Why has Denmark made a children’s TV show about the ‘world’s longest penis’?

The everyday adventures of new Danish kids' TV character John Dillermand like walking the dog or going to the zoo might not look like the stuff of scandal -- if the tales didn't often revolve around his oversized penis.

Why has Denmark made a children’s TV show about the 'world's longest penis'?
An image from the first episode of 'John Dillermand'. Photo: DR/Louise Bergholt Sørensen

Even in one of the world's most progressive countries, the stories of the man with “the world's longest willy” have sparked debate about just what is appropriate for children in the programme's target audience of four- to eight-year-olds.

“We think it's important to be able to tell stories about bodies,” public broadcaster DR posted on Facebook Tuesday.

“In the series, we recognise (young children's) growing curiosity about their bodies and genitals, as well as embarrassment and pleasure in the body.”

Broadcast on kids' channel Ramasjang, the first of Dillermand's 13 episodes has already been watched 140,000 times since it was released on January 2nd.

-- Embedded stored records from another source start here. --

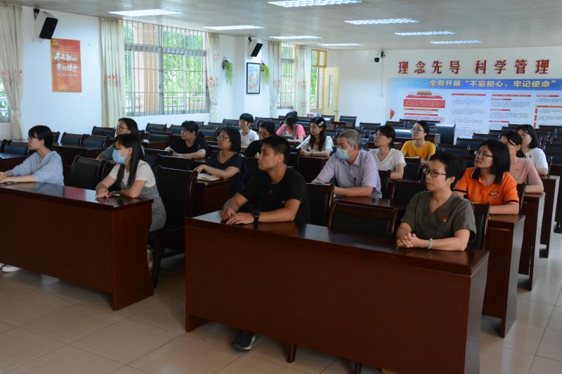 黨員教師們佩戴黨徽,在學(xué)校黨支部的安排下,集中學(xué)校會(huì)議室統(tǒng)一收看直播活動(dòng)。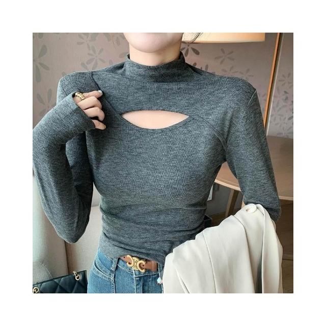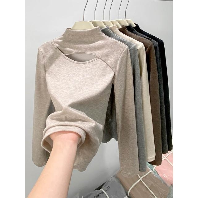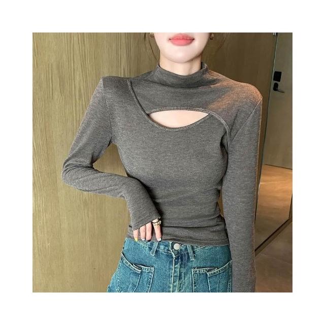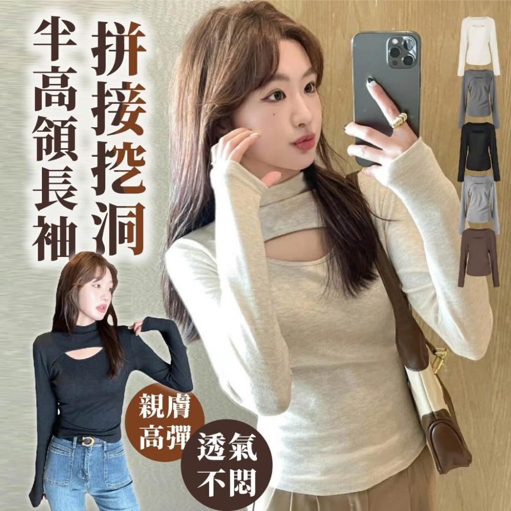 JDUDS韓系拼接挖洞半高領長袖T 小心機打底衫 女團穿搭 長袖上衣 半高領長袖上衣 女裝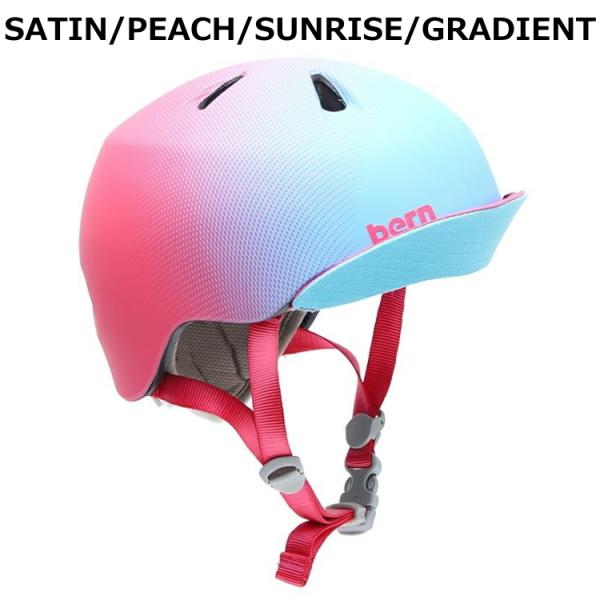 製造時期の違いによりヘルメット本体前部分ロゴのプリント位置が商品画像と左右異なる場合があります。■ブランド:bern バーン■商品名:NINA ニーナ■メーカー品番/カラー:BE-VJGSWTV SATIN WHITE サテンホワイトBE-VJGSPNKV SATIN HOT PINK サテンホットピンクBE-VJGSNYV SATIN NAVY BLUE サテンネイビーブルーBE-VJGSSPV SATIN SEAGLASS POLKA DOT サテンシーグラスポルカドットBE-VJGGPUV GLOSS PURPLE グロスパープルBE-VJGSRSV SATIN RED STRAWBERRY サテンレッドストロベリーBE-VJGSPPV SATIN PURPLE POLKA DOT サテンパープルポルカドットBE-VJGSWFV SATIN WHITE FLORAL サテンホワイトフローラルBE-VJGSUNPV SATIN PEACH SUNRISE GRADIENT サテンピーチサンライズグラディエント■商品説明:汗をかきやすい頭回り部分のバイザー付インナーは取り外して洗濯することで、ヘルメット本体も清潔に保つことが可能。インナー後頭部にはベルクロによる簡単なサイズ調整が可能なEZ-FITインナーシステムを採用。日々大きくなる頭のサイズに合わせて簡単にフィッティングの調整が可能。送り迎えの自転車から、バランスバイクなどのアクティブシーンまで。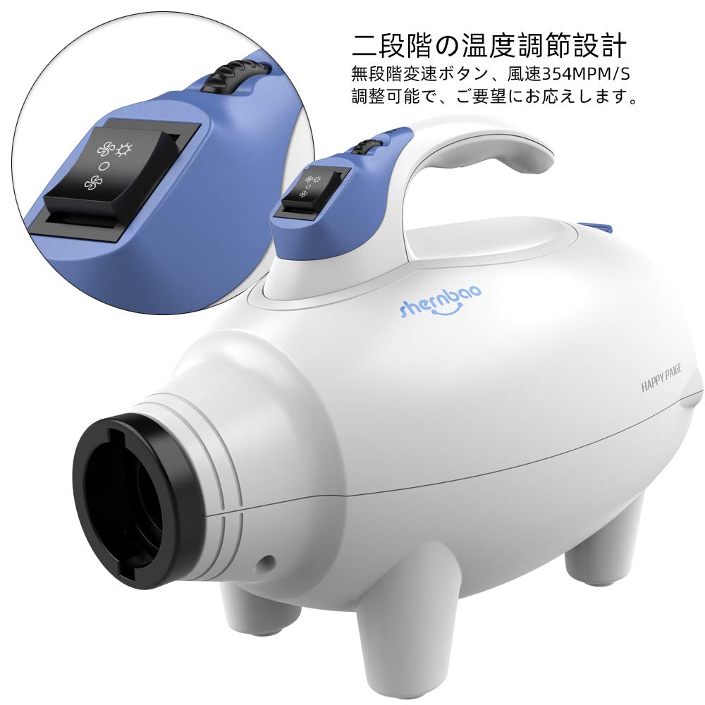 [Простота использования] ① Сушилка для домашних животных использует сертифицированную PSE мощность обдува, что обеспечивает низкое потребление и более высокую эффективность при сохранении безопасности.. ②Поверхность сушилки для собак отделана изоляционным материалом ABS, что значительно снижает вероятность выхода из строя.. ③Фен для домашних животных оснащен эргономичной ручкой и прост в использовании.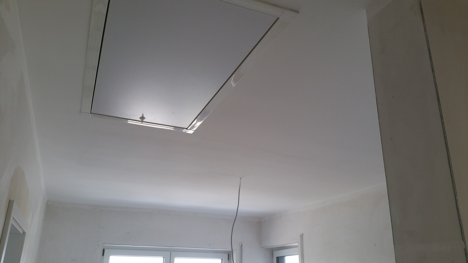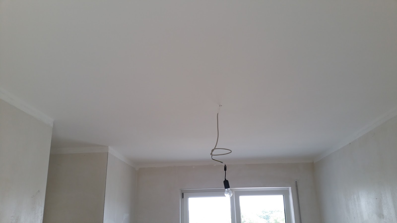 Jens uns Jürg waren ja bereits in KW 31 fleißig und haben zuerst noch alle Decken etwas verspachtelt. Nicki und ich haben sie dann komplett grundiert und anschließend haben die zwei Männer sie mit weißer Silikatfarbe gestrichen.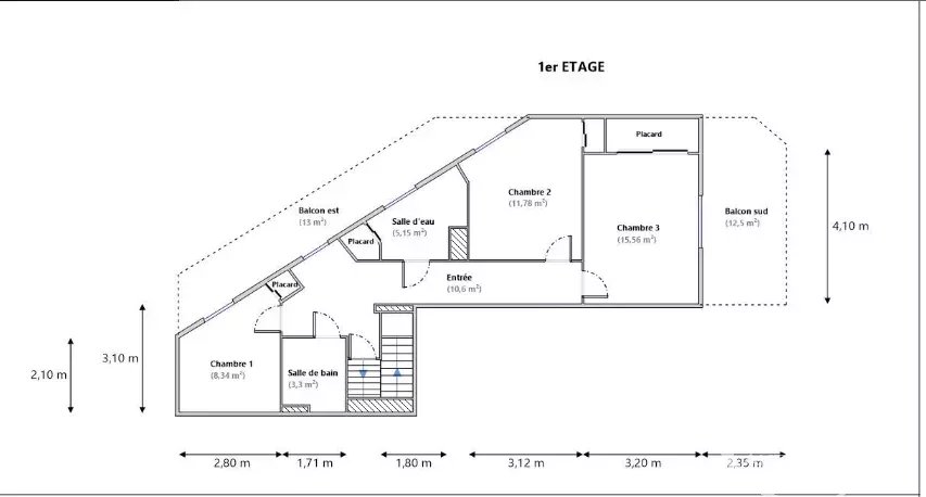 Al piano superiore, un ingresso, una cucina indipendente, un WC per gli ospiti e un ampio soggiorno di 33 m².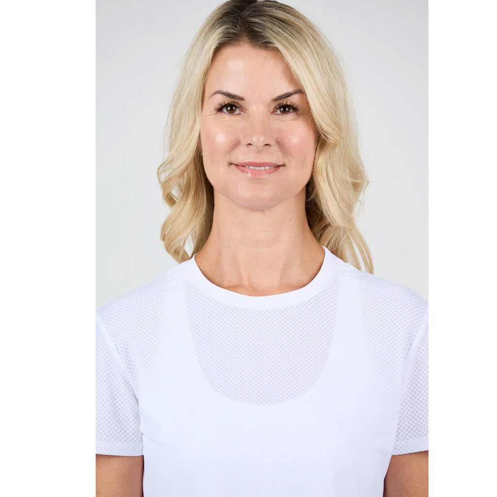 Sofibella Women's UV Staples Mesh Short Sleeve Tee - White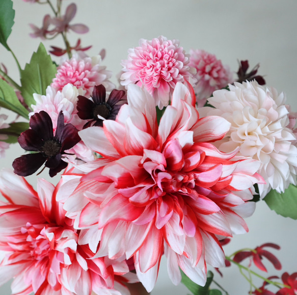 トレンドの洋マム&ダリアや雰囲気のあるチョコレートコスモスなどの人気花材を動きを出して流れるようなデ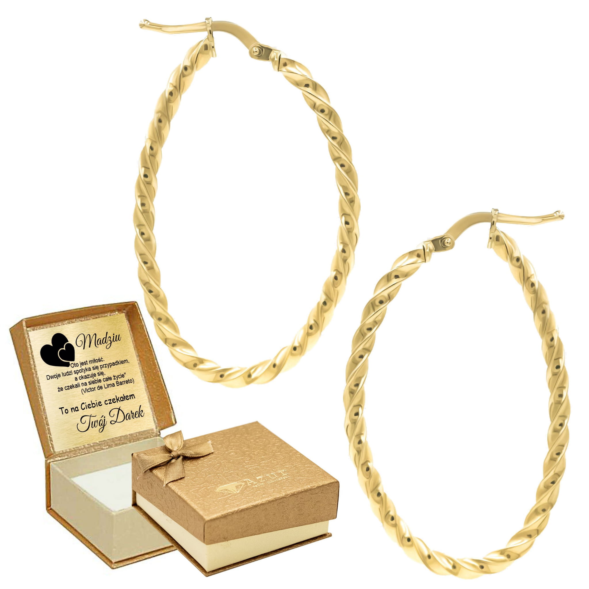 Kolczyki są zapakowane gratis w eleganckie pudełko, co czyni je idealnym wyborem na prezent, bez konieczności dodatkowych przygotowań. Istnieje również możliwość bezpłatnego dołączenia blaszki z grawerem i dedykacją, dzięki czemu prezent stanie się jeszcze bardziej osobisty i wyjątkowy.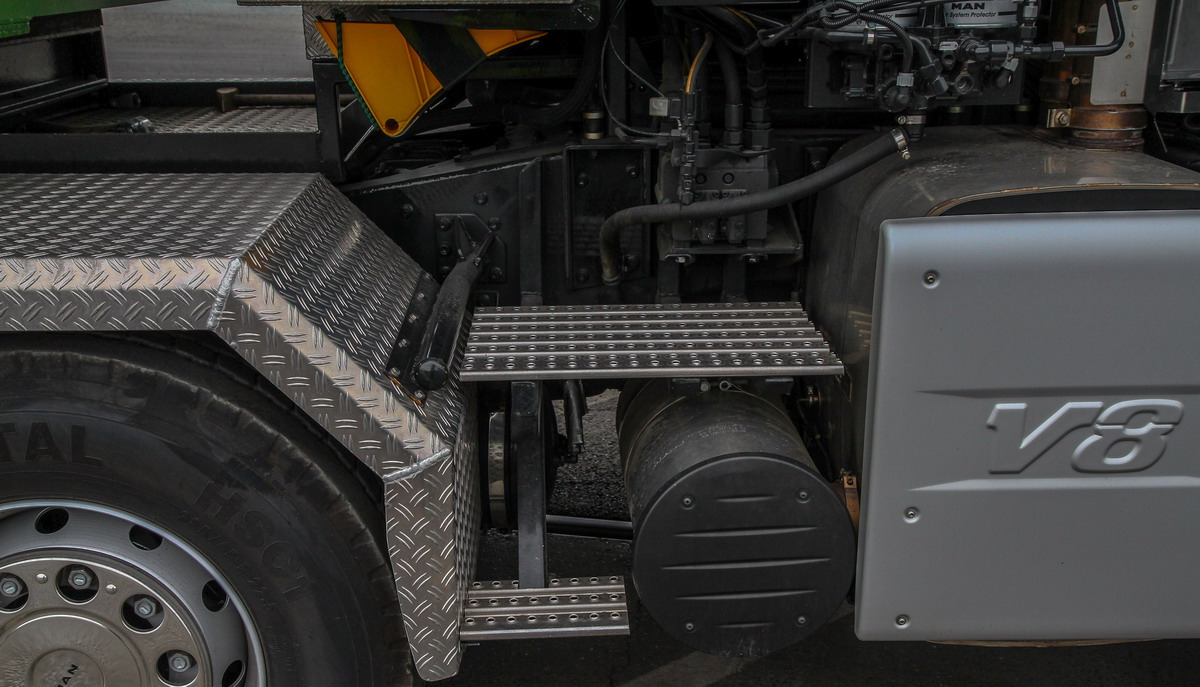 Es gibt hier keine ausziehbare Leiter, sondern Trittstufen, die unter und neben dem AdBlue-Tank eingepasst wurden.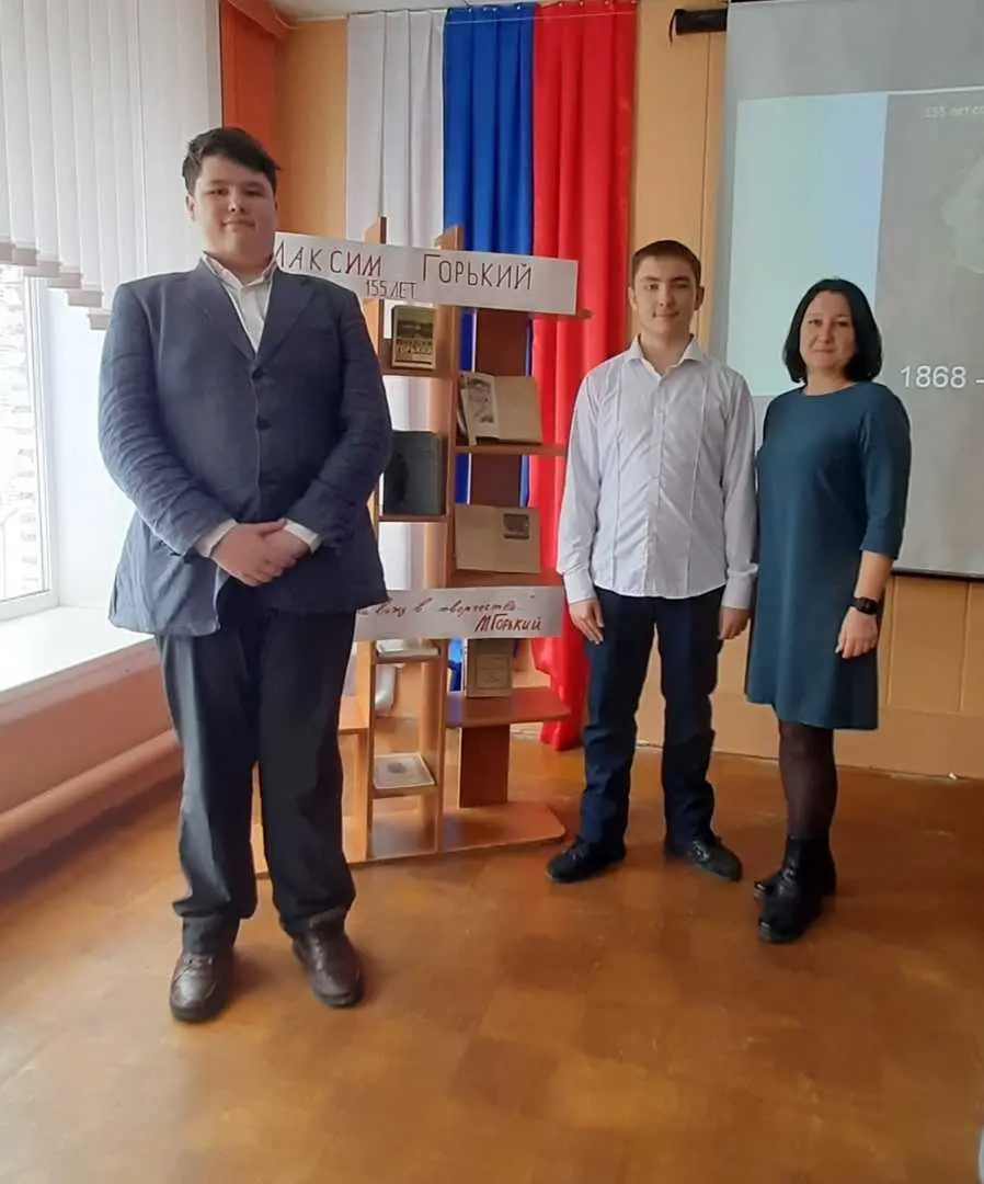 К 155-летию со дня рождения М.Горького в гимназии «Логос» состоялся городской конкурс среди учащихся 8-10 классов. Нашу школу представляли ученики 8«А» класса — Ибодов Ярослав и Кадошников Олег (учитель русского языка и литературы Кизерова Е.Н.).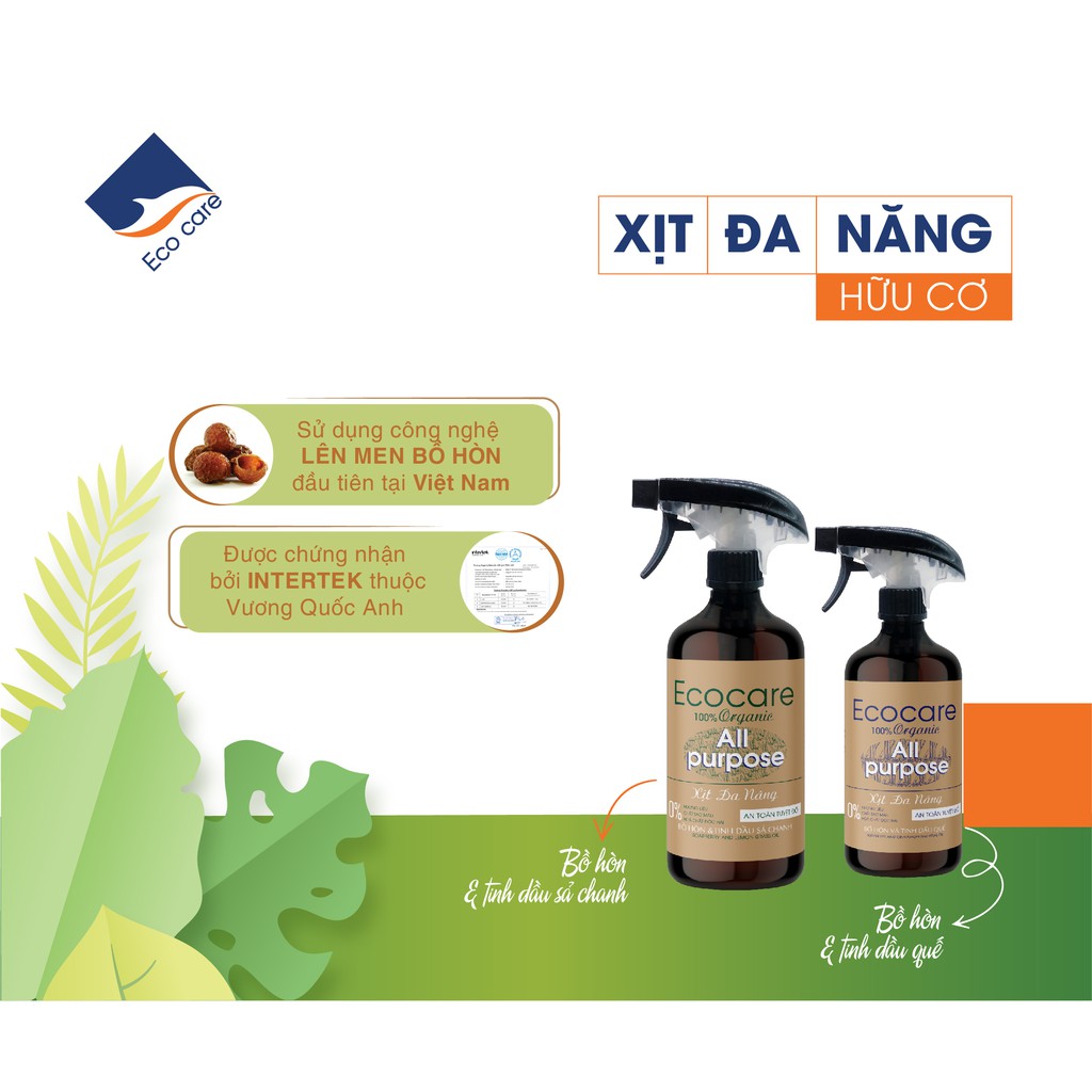 - Ngoài ra sản phẩm xịt đa năng hữu cơ sinh học organic Ecocare, tuyệt đối thân thiện với môi trường, an toàn cho người sử dụng.
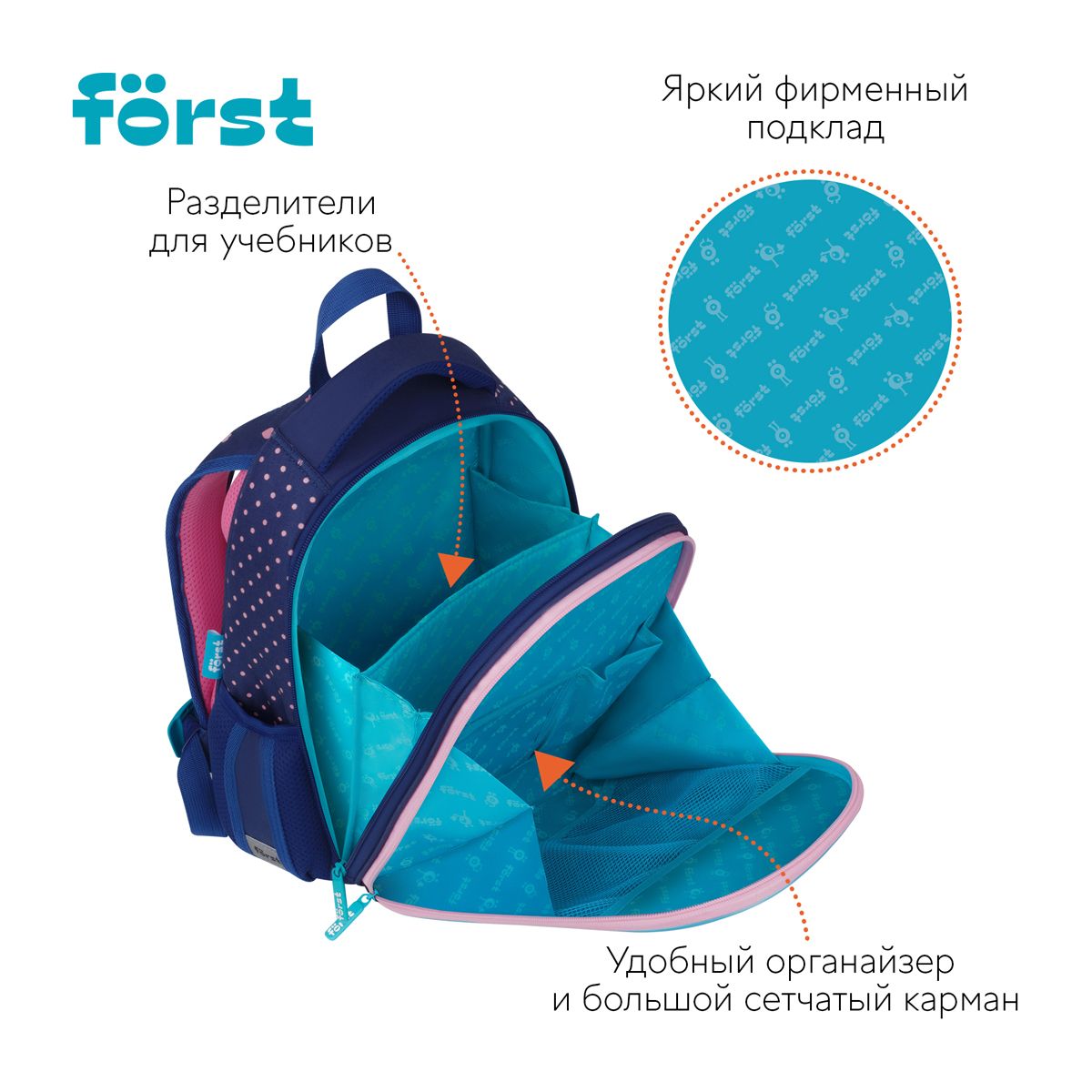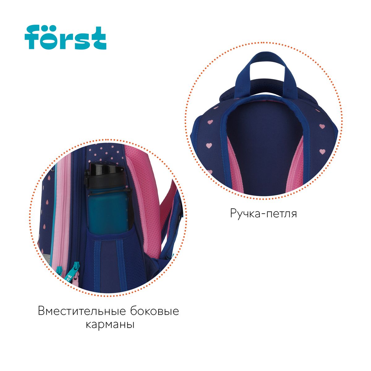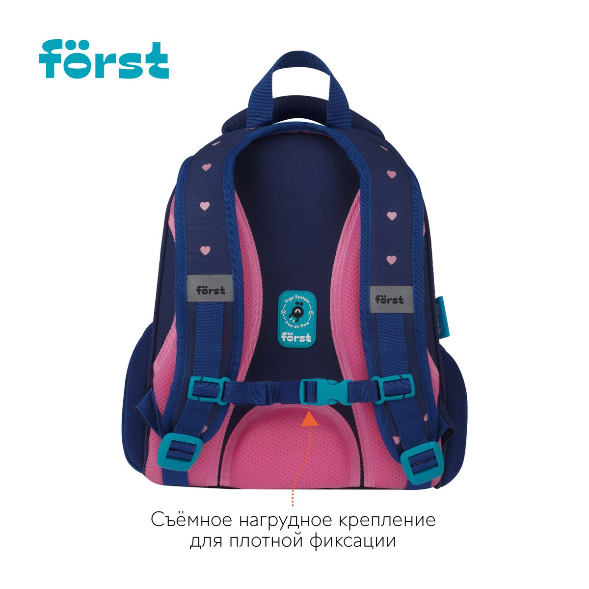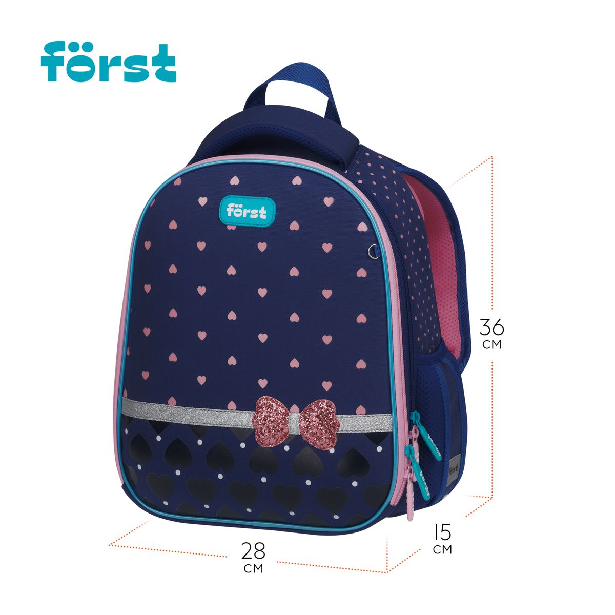 Ранец Först F-Top облегченный "Sweet hearts" 36*28*15см, 2 отделения, 2 кармана, анатомическая спинка

His extra-long member is often key to the wacky situations in which he finds himself at one point floating over the city thanks to balloons tied to his tackle.

“It's a very Danish show. We have a tradition to push the limits and use humour and we think it's totally normal,” education expert Sophie Munster told AFP.

With some members of the public posting outrage online, far-right MP Morten Messerschmidt attacked the show in a Facebook post.

“I don't think looking at adult men's genitalia should be turned into something normal for children. Is this what you call public service?” he fumed.

Munster argued however: “The debate is from an adult perspective, in which the long penis is sexualised. Children have a different perspective.

“The size of the penis is exaggerated so much, children realise it's a joke.”

The series can be watched via broadcaster DR's website.

READ ALSO: Danish zoo invites kids to watch lion dissection (2015)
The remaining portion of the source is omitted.